───── RECORD SET

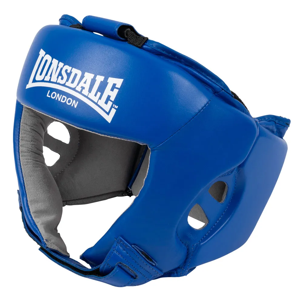 Denne CE-sertifiserte hodestøtten fra Lonsdale ble spesiallaget for profesjonelle konkurranser i den tyske bokseorganisasjonen (DBV) og er lisensiert av DBV. Størrelsesinformasjonen er tydelig synlig på baksiden. Hodestøtten er håndlaget av høykvalitets okseskinn og har øre-, hake- og kinnbeinsbeskyttelse samt flerlags polstring for høy klemmeabsorbsjon. Velcro-lukningene på haken og baksiden av hodet sikrer individuell tilpasning til alle hodeformer.
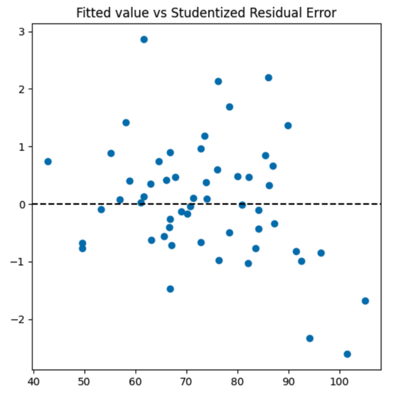 Идем дальше. Если построить график предсказанного результата от cтандартизированной ошибки, то получим:
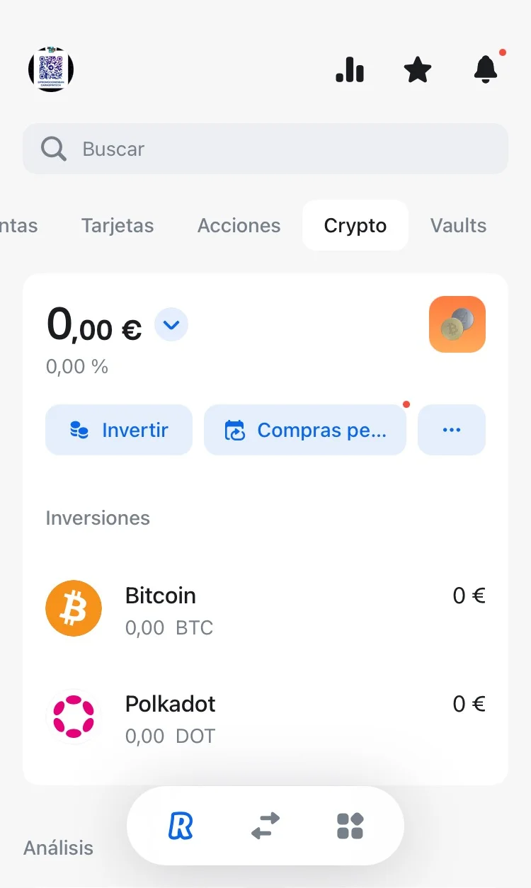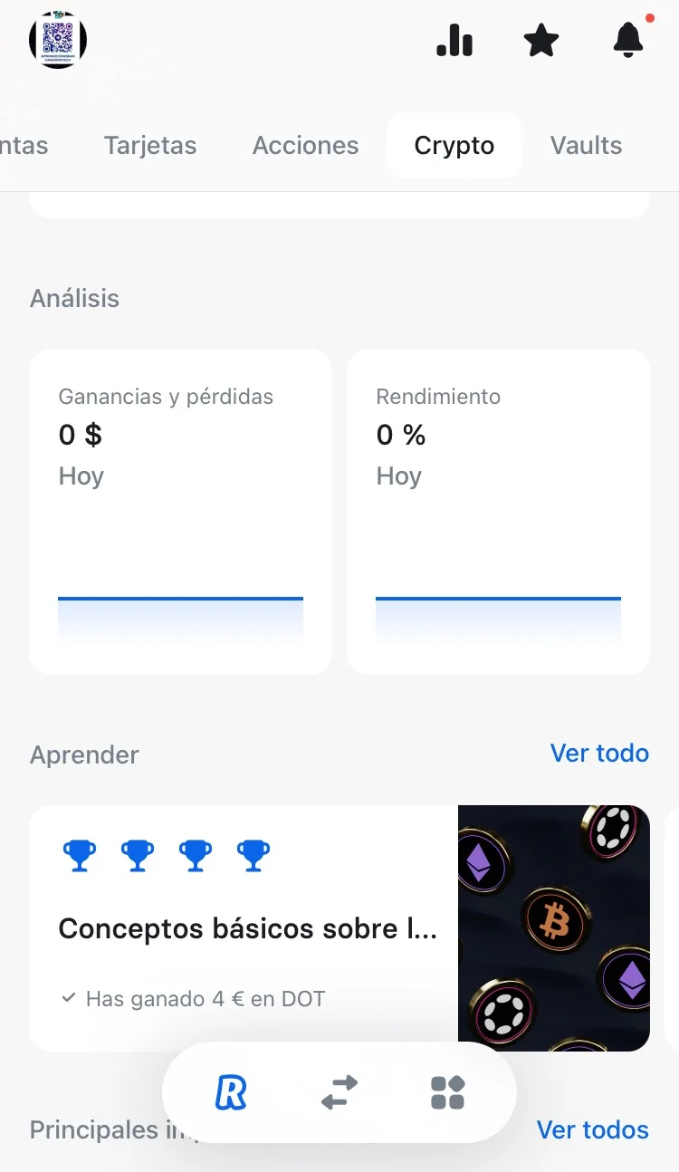 Una vez hayas actualizado la APP, inicia sesión en Revolut. Accede al menú de arriba y cambia entre la pestaña cuentas a la de Crypto.
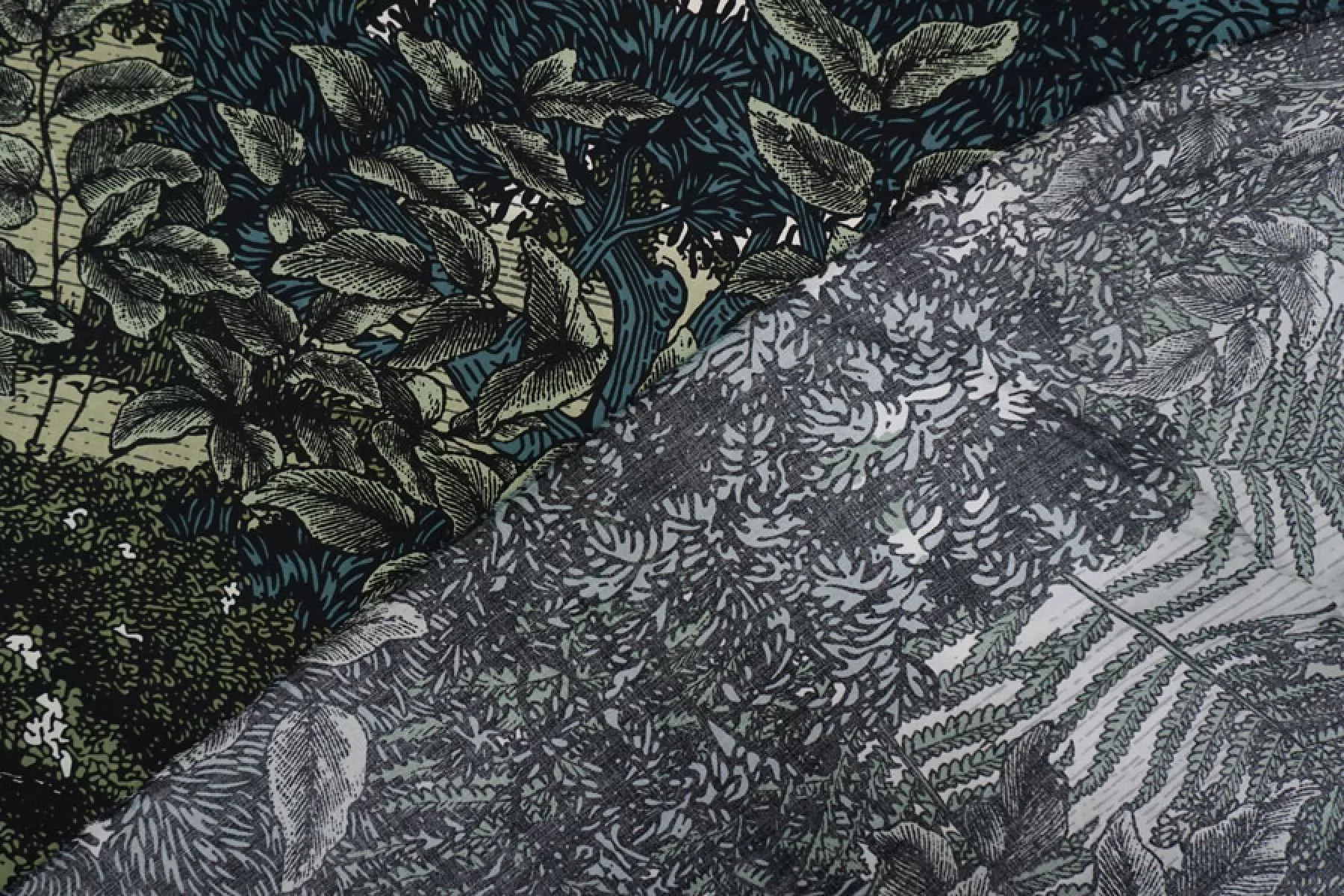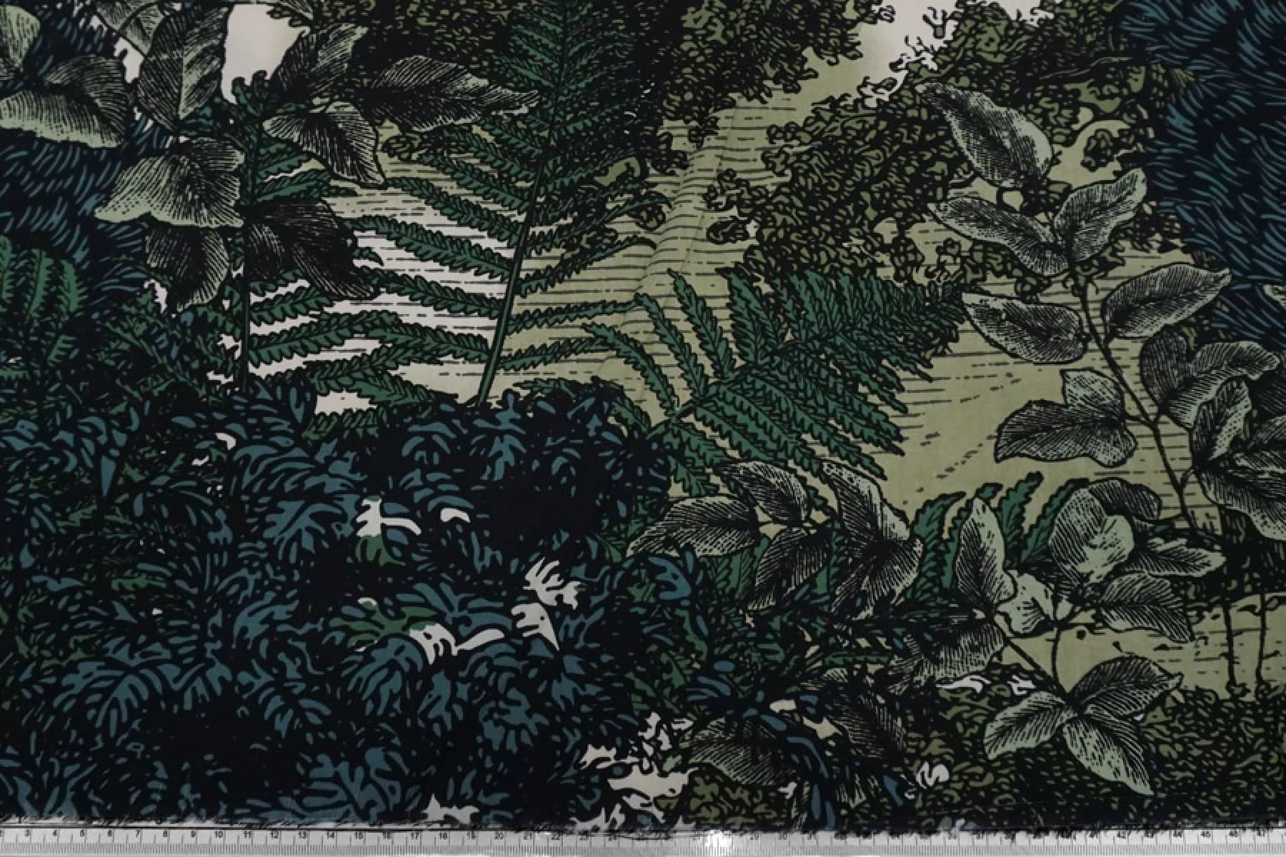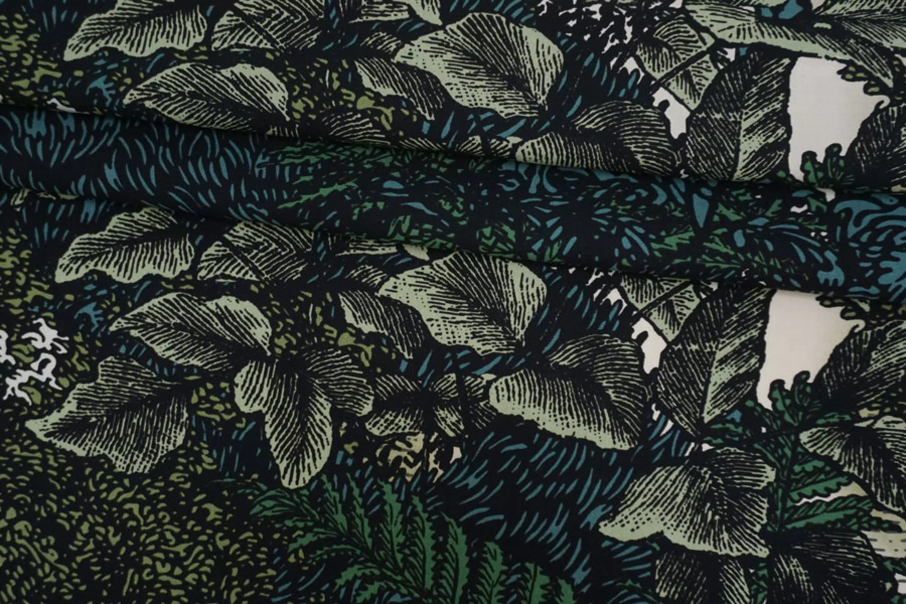 Плательная вискоза с принтом в виде густой растительности, цвета принта: черный, белый и оттенки зеленого. Легкая, тонкая, мягкая, пластичная. Не держит форму, мнется, немного просвечивает в один слой. Прекрасный вариант для летней одежды: платья, блузки, юбки, топа. Обязательно учитывайте усадку 5-10%.
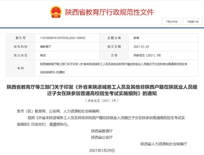 第十九条本实施细则从印发之日起施行,至2025年12月31日自行废止。省教育厅、省公安厅、省人力资源和社会保障厅2013年联合印发的《进城务工人员随迁子女在陕参加普通高校招生考试实施细则》即行废止。

──────────

» ACTION ITEM
What is needed is an exact copy of all the data, with no images in it.

» REPLY TO THE TASK
 Denne CE-sertifiserte hodestøtten fra Lonsdale ble spesiallaget for profesjonelle konkurranser i den tyske bokseorganisasjonen (DBV) og er lisensiert av DBV. Størrelsesinformasjonen er tydelig synlig på baksiden. Hodestøtten er håndlaget av høykvalitets okseskinn og har øre-, hake- og kinnbeinsbeskyttelse samt flerlags polstring for høy klemmeabsorbsjon. Velcro-lukningene på haken og baksiden av hodet sikrer individuell tilpasning til alle hodeformer.
 Идем дальше. Если построить график предсказанного результата от cтандартизированной ошибки, то получим:
 Una vez hayas actualizado la APP, inicia sesión en Revolut. Accede al menú de arriba y cambia entre la pestaña cuentas a la de Crypto.
 Плательная вискоза с принтом в виде густой растительности, цвета принта: черный, белый и оттенки зеленого. Легкая, тонкая, мягкая, пластичная. Не держит форму, мнется, немного просвечивает в один слой. Прекрасный вариант для летней одежды: платья, блузки, юбки, топа. Обязательно учитывайте усадку 5-10%.
 第十九条本实施细则从印发之日起施行,至2025年12月31日自行废止。省教育厅、省公安厅、省人力资源和社会保障厅2013年联合印发的《进城务工人员随迁子女在陕参加普通高校招生考试实施细则》即行废止。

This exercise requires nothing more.